What we do know is that with genomic instability, we do see that patients actually respond better to immune checkpoint inhibitors and that's what kind of led to this particular combination. PARP inhibitors in preclinical studies have shown that there's an increase upregulation of PD-L1 as well as an increase in the STEAM pathway activation. This therefore increases the cytotoxic T-cell infiltration within the tumor itself.
We have seen in preclinical models that we have had sustained responses in mouse models. Clinically, there was actually the POLAR trial, which was recently published. This actually looked at pembrolizumab plus olaparib in patients with BRCA1, BRCA2, as well as PAB2 mutations. They reported actually 35% response rates as well as overall survival about 28 months. This is very encouraging that we see that this combination is showing signs of activity. My clinical trial was actually, and this was developed in conjunction with Alliance. Michael Pishvaian is my co-PI for this study. This actually was really looking at the combination of olaparib with pembrolizumab versus olaparib alone. This was the first randomized clinical trial.
This was actually a very collaborative effort. This clinical trial was actually done in SWOG. We led the clinical trial. It was also done through Alliance as well as ECOG-ACRIN and NRG. It was really a team effort to really get this to the finish line and get this clinical trial completed.

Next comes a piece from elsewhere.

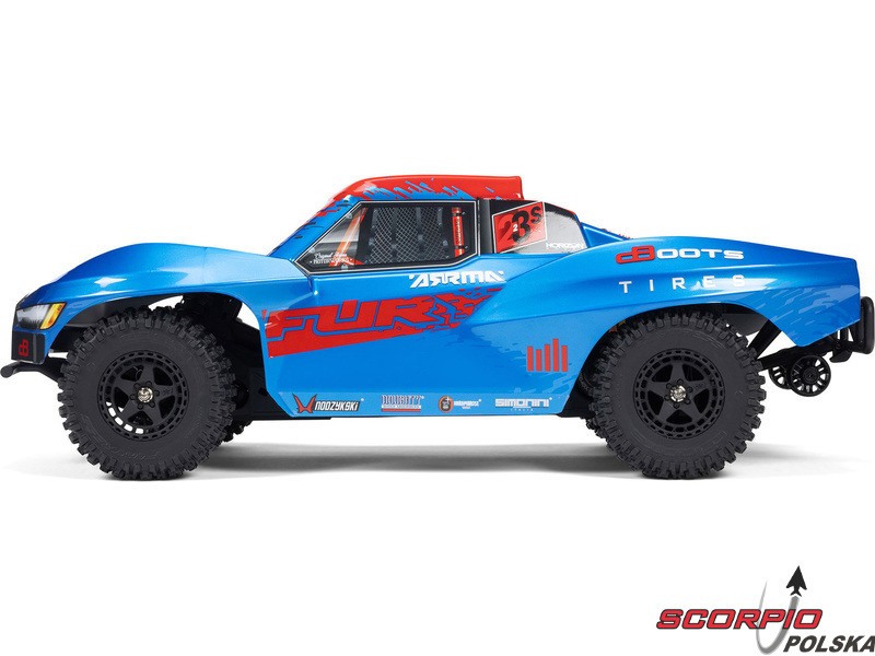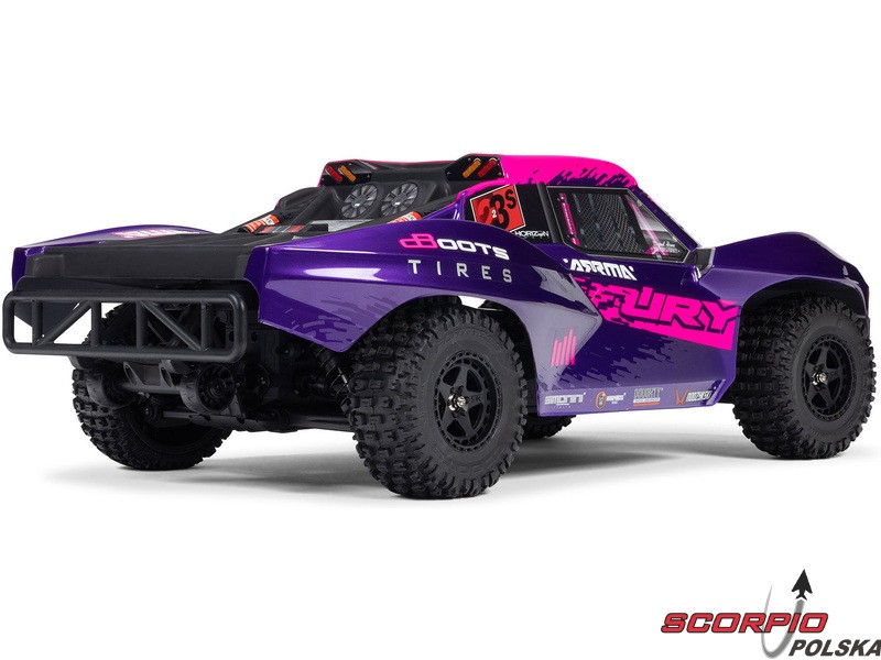 Model Arrma Fury 223S BLX Short Course RC z napędem na 2 koła, niezależnym zawieszeniem, amortyzatorami olejowymi i mocnym napędem trójfazowym osiągnie prędkość do 80 km/h. Wszystko to w przystępnej cenie za tak potężny model. Wytrzymałość, osiągi BLX i precyzyjne makietowe wykonanie są nieodłączne dla marki Arrma i wszystkie ważne cechy zostały zachowane również w tym modelu. W zestawie znajduje się ekskluzywna stabilizacja jazdy DSC. Samochód RC jest przeznaczony dla dzieci, dorosłych, początkujących i doświadczonych kierowców, którzy otrzymują gotowy, trwały i szybki model.

We did have a very high bar for the clinical trial. We're looking to improve progression-free survival from seven months up to 11.7 months. We did have a futility analysis built into the clinical trial after about 50 events or 50% of the events. What we ended up seeing in this clinical trial was that the trial was actually closed early because we actually didn't meet that bar, but we did see that there were actually signs of activity.
The overall response rate was 28% compared to about 18% in the olaparib alone arm. The progression-free survival also increased from 6.4 months up to 8.2 months. We're seeing signs of clinical activity, but we didn't meet that bar of going from 7 all the way up to 11.7 months.
We did bank tissue as well as blood samples. It's going to be really important in terms of the correlative work to really look at that select population that may benefit from this particular type of therapy. We're going to be doing some ongoing biomarker analysis.
Source:
Chung V, Guthrie KA, Pishvaian MJ, et al. Randomized phase II trial of olaparib and pembrolizumab vs olaparib alone as maintenance therapy in metastatic pancreatic cancer patients with germline BRCA1 or BRCA2 (gBRCA1/2) mutations: SWOG S2001. Presented at the ASCO Annual Meeting. May 29 - June 2, 2026. Chicago, Illinois. Abstract 4012.